Further, the depressurization can be performed by a publicly known
vacuum pump 25 such as a rotary pump, for example. On the other
hand, examples of the inert gas used for replacement with the air
in the tank of the annealing device 24 include nitrogen, argon,
etc.
[0084] After the depressurization or the replacement with the inert
gas, the worm wheel 21 is heated within the annealing device 24.
The heating temperature and the heating time have different
preferable ranges depending on the shape and the size of the resin
molded body to be heated (in this preferred embodiment, the
disc-shaped worm wheel 21), and may be, for example, 200.degree. C.

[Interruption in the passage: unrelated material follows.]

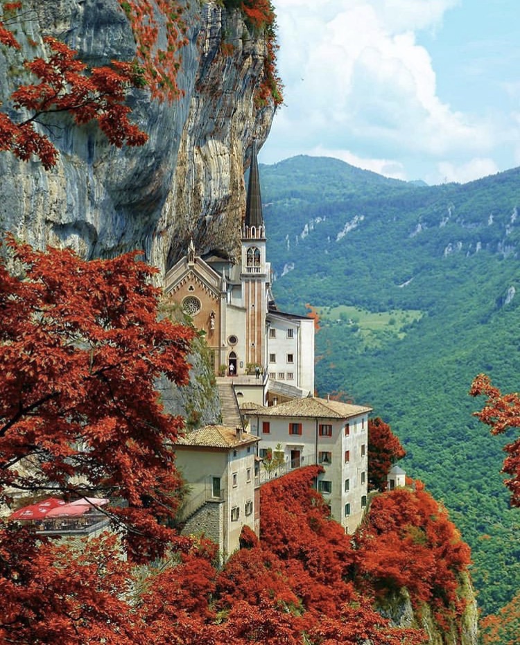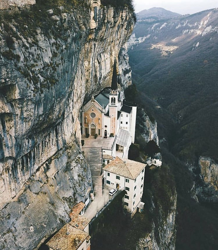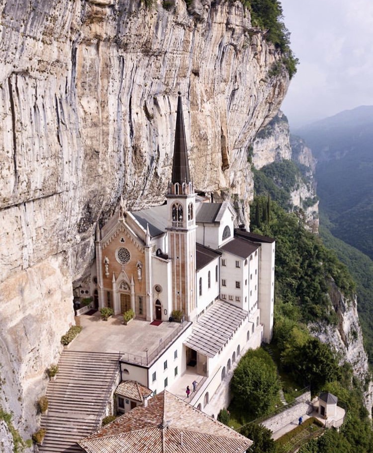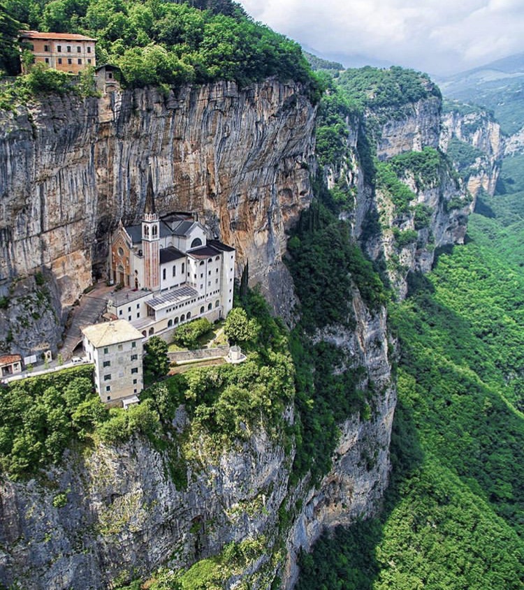 As metas religiosas italianas por si só são carregadas de emoção por tratarem-se de antiquíssimos lugares de fé e peregrinagem, mas o Santuário Madonna della Corona é ainda mais impressionante. Uma igreja inscrustada em uma rocha, suspensa entre o céu e terra, a 770 metros de altura, escondida pelo Monte Baldo.

or more (preferably, 240.degree. C. or less) and 3 hours or more
(preferably, 20 hours or less).
[0085] After the heating, the worm wheel 21 is taken out of the
annealing device 24, and gear cutting (tooth formation) of the
tooth portion 31 of the worm wheel 21 is performed to obtain the
worm wheel 21 shown in FIG. 2.
[0086] As described above, according to the worm speed reducer 19
of this preferred embodiment, the viscosity number VN of the tooth
portion 31 (resin portion) of the worm wheel 21 is 180 ml/g or more
and the reinforcing fiber 63 contained in the tooth portion 31 has
a hardness higher than that of the worm 20, which is a mating metal
material. Thus, excellent wear resistance that has not been
conventionally achieved can be exhibited. That is, the wear of the
resin (tooth portion 31) containing the reinforcing fiber 63 having
a relatively high hardness is suppressed, while the metal (worm 20)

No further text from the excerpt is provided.